=== Provided data ===

============

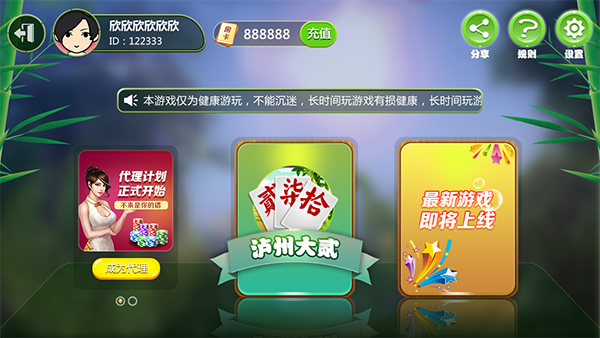 3、汇聚来自全国各地的牌技高手,在线切磋技艺,挑战强者赢取荣誉与奖励,提升你的排名地位。
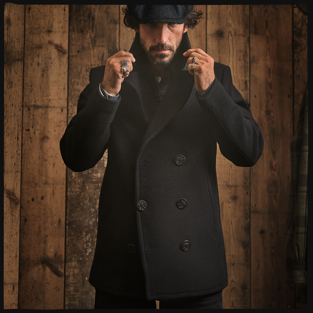 La collection comprend un caban à la coupe impeccable, un jean en denim Selvedge qui se patine avec le temps, une surchemise matelassée en laine mélangée de qualité supérieure, une chemise Merchant avec une coupe parfaite pour jouer la superposition et une casquette Baker Boy fabriquée à la main au Royaume-Uni à partir de Ribble Tweed sur mesure.
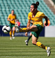 She scored four goals for Australia in the 2007 World Cup — one in a 1–1 draw against Norway, two in a 4–1 victory against Ghana, and one against Brazil in her team's 2–3 loss in the quarterfinals.[44] Each goal she scored at the World Cup was dedicated to her father, who died three months before the tournament began.[45]

============

=== Task statement ===
Apart from its pictures, the data is to be repeated exactly.

=== Response to the exercise ===
 3、汇聚来自全国各地的牌技高手,在线切磋技艺,挑战强者赢取荣誉与奖励,提升你的排名地位。
 La collection comprend un caban à la coupe impeccable, un jean en denim Selvedge qui se patine avec le temps, une surchemise matelassée en laine mélangée de qualité supérieure, une chemise Merchant avec une coupe parfaite pour jouer la superposition et une casquette Baker Boy fabriquée à la main au Royaume-Uni à partir de Ribble Tweed sur mesure.
 She scored four goals for Australia in the 2007 World Cup — one in a 1–1 draw against Norway, two in a 4–1 victory against Ghana, and one against Brazil in her team's 2–3 loss in the quarterfinals.[44] Each goal she scored at the World Cup was dedicated to her father, who died three months before the tournament began.[45]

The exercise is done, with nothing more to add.